### WHAT THIS TASK INVOLVES
Exactly as they stand, copy the lines from the one containing "Amennyiben a mosótálba" to the final line of the data; leave out the pictures.

BEGIN DATA BLOCK

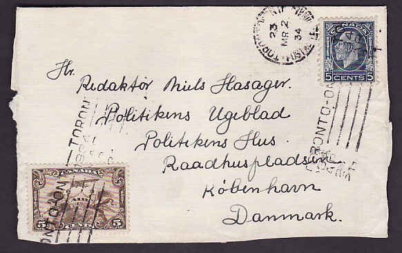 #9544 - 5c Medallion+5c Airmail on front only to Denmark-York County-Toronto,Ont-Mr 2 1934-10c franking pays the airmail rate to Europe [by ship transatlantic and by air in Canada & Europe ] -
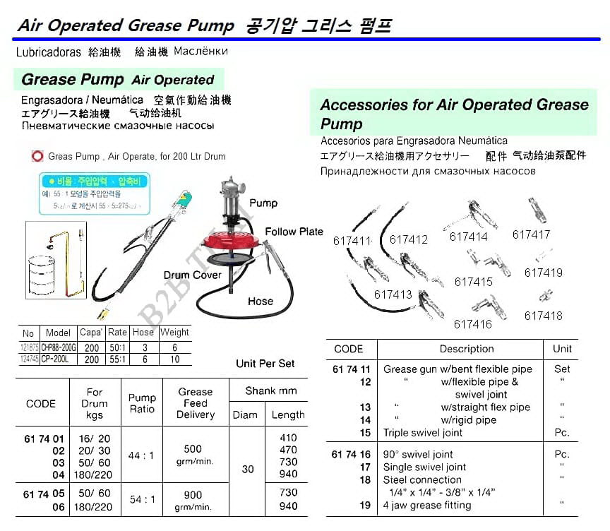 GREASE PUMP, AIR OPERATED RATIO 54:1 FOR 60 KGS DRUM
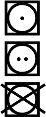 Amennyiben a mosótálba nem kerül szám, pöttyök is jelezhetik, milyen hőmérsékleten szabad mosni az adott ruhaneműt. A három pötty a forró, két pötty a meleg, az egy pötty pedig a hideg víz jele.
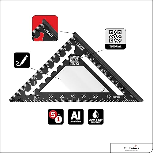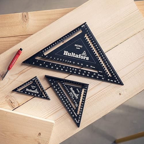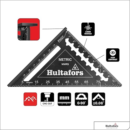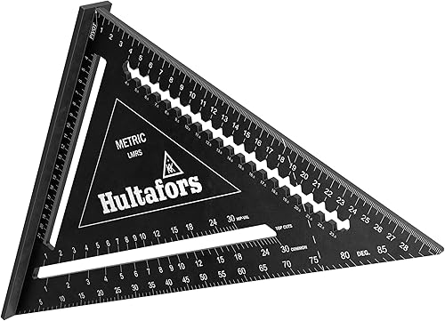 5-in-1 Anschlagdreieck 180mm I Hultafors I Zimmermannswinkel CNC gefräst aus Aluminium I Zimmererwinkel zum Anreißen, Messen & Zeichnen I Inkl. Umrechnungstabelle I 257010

END DATA BLOCK

### RESULT
 Amennyiben a mosótálba nem kerül szám, pöttyök is jelezhetik, milyen hőmérsékleten szabad mosni az adott ruhaneműt. A három pötty a forró, két pötty a meleg, az egy pötty pedig a hideg víz jele.
 5-in-1 Anschlagdreieck 180mm I Hultafors I Zimmermannswinkel CNC gefräst aus Aluminium I Zimmererwinkel zum Anreißen, Messen & Zeichnen I Inkl. Umrechnungstabelle I 257010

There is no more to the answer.